DIRECTIONS FOR THIS TASK =>
Lines from the line with "Elegancki zestaw składający" to the line with "This beach ball" in the entries below, and only those, must be output exactly, with both ends included.
#### TASK MATERIAL
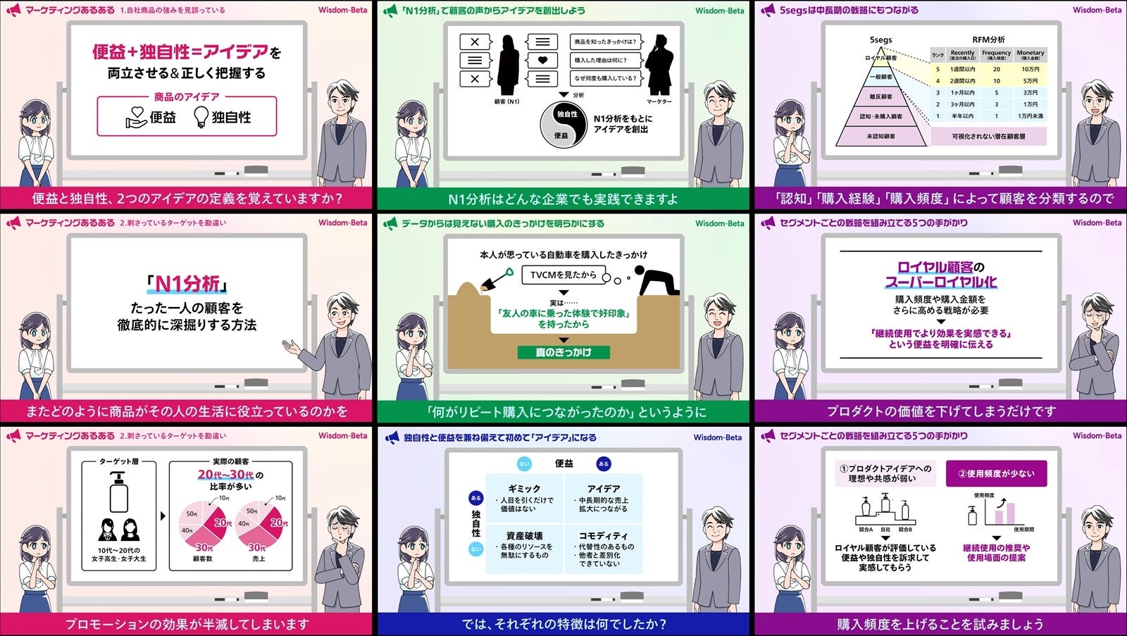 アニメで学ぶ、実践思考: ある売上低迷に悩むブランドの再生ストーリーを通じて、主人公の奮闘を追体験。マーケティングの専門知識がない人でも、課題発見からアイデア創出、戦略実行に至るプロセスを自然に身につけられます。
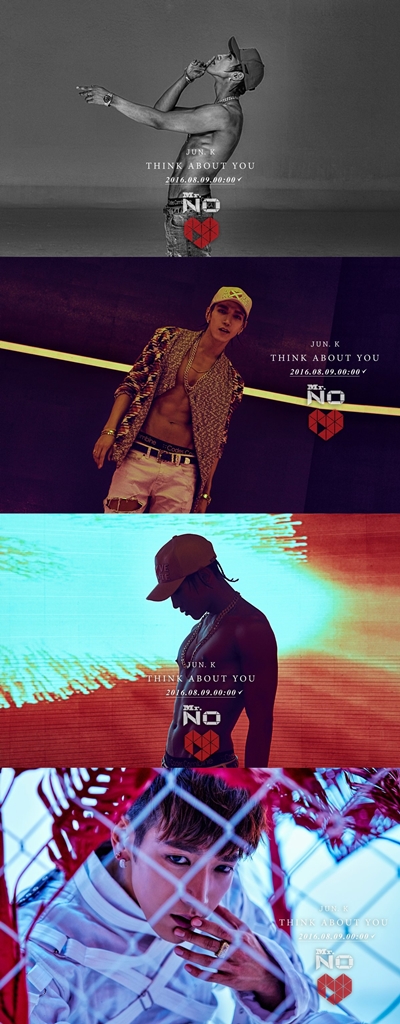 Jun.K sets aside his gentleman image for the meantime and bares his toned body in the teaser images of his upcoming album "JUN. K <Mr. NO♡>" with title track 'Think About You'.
########
#### TASK MATERIAL
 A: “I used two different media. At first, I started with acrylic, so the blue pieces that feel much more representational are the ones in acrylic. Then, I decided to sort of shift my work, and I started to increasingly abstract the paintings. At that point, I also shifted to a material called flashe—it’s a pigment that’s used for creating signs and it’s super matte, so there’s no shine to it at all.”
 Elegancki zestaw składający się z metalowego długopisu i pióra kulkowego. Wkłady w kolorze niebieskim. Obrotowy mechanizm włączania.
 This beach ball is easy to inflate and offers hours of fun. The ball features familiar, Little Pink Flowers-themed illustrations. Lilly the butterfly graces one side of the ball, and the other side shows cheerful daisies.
########
SOLUTION TO THE PROBLEM =>
 Elegancki zestaw składający się z metalowego długopisu i pióra kulkowego. Wkłady w kolorze niebieskim. Obrotowy mechanizm włączania.
 This beach ball is easy to inflate and offers hours of fun. The ball features familiar, Little Pink Flowers-themed illustrations. Lilly the butterfly graces one side of the ball, and the other side shows cheerful daisies.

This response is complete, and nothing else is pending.